I couldn't stop thinking about things, and being upset that I had blown it already and it wasn't working. My fourth minute was great for some reason. I calmed down and wrote everything perfectly. It just kept going on forever, and I psyched myself out, and made some mistakes in the last minute. I didn't pass. Maybe next time. I forgot to use my brief for William, and then remembered, and screwed myself up by deleting "will" and writing my brief. I wrote "C*AN" for Canada instead of "CAN/D*A," so that cost me two points, since "C*AN" comes out as ^can.

It wasn't a hard test. The words were easy, the speed was slow. Easiest test you'll ever fail, for sure.
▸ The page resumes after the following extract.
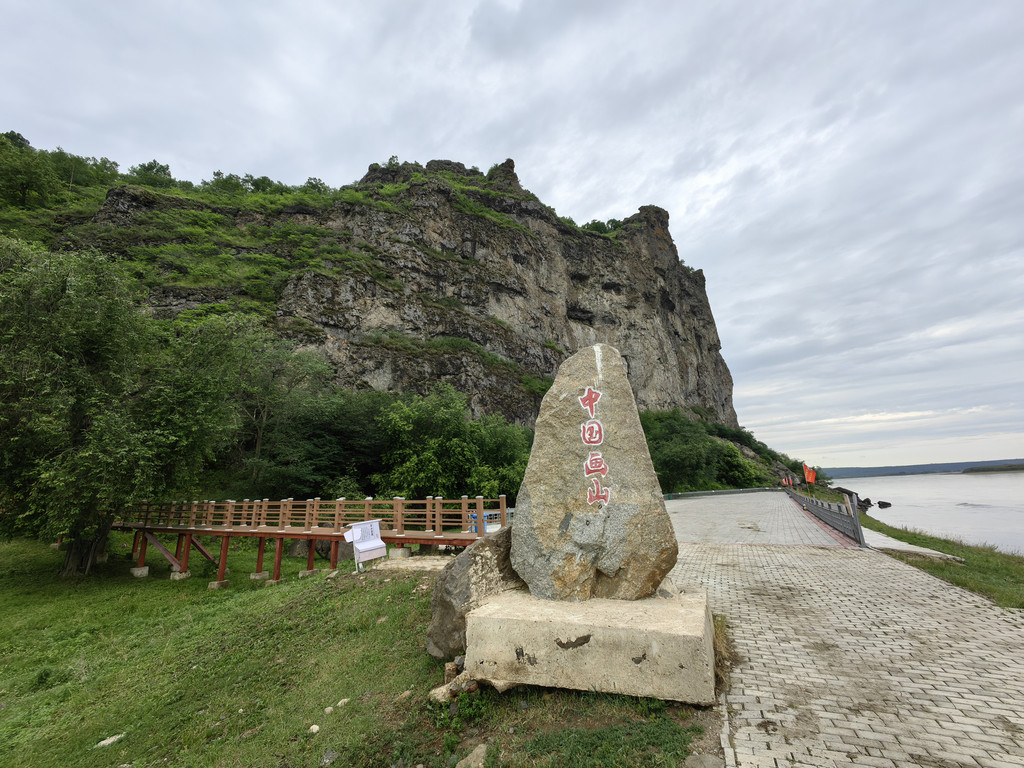 在黑龙江上最险的江段是迎门砬子,而最美的江段则是位于大兴安岭地区呼玛县的画山。游览白银纳村后,我们继续沿331国道行驶1个小时,到达呼玛县的画山界江景区。
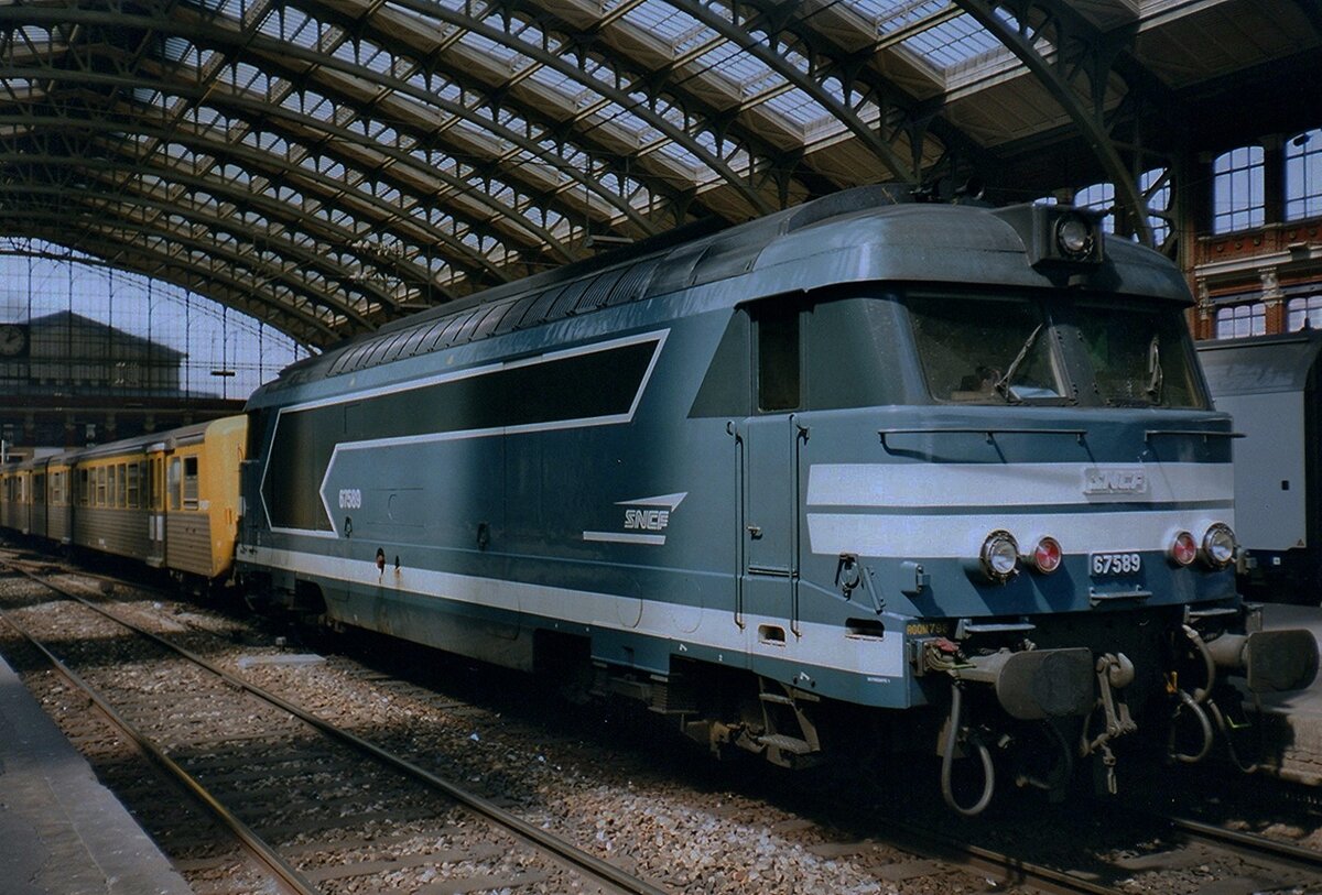 Am 19 Mai 2003 steht 67589 mit ein TER nach Amiens in Lille-Flandres.

It sucks that I have to wait until November to take it again. Doing it twice a year makes the pressure way worse. I don't know why they only let us have one take. Even if they would do 15 minutes of audio and pick a random 5-minute sample to grade, it would be better.

I got to do the CBC first this time, instead of having to listen to the CRR first. I liked that better, but then it was really boring sitting and waiting for the CRR to finish. I don't like that I have to send a SASE with my flash drive. I think I pay enough for the test that they could send it back to me for free.

Failing the CBC sucks. It's such a huge disappointment, especially when you know there's no reason you shouldn't have passed it. I might try watching the screen next time. I thought it would throw me off, and I would get freaked out when I saw mistakes, but it's really weird not watching it. Maybe if I had the usual distraction of reading as I write, my mind wouldn't be so free to freak out. I'll try it out when I start practicing in October and see how it goes.

I'd kind of like to sit for the state court reporter exam, just so I have some kind of certification. It's two 7-minute QA takes at 200 wpm. You transcribe whichever one you want, and they grade a random 5-minute part of it. It's so totally different from captioning/CART, though, and I don't have any practice material. I hate RTC. The material is so dense. Even at 180 wpm it takes me like 6 times to get 96% on a take. I want some nice, normal stuff to practice. It's also hard to rationalize sitting for, because it's in October, and the CBC is in November. I know I can pass the CBC, so it's hard to take the CR exam when I'm just about to, theoretically, pass the CBC.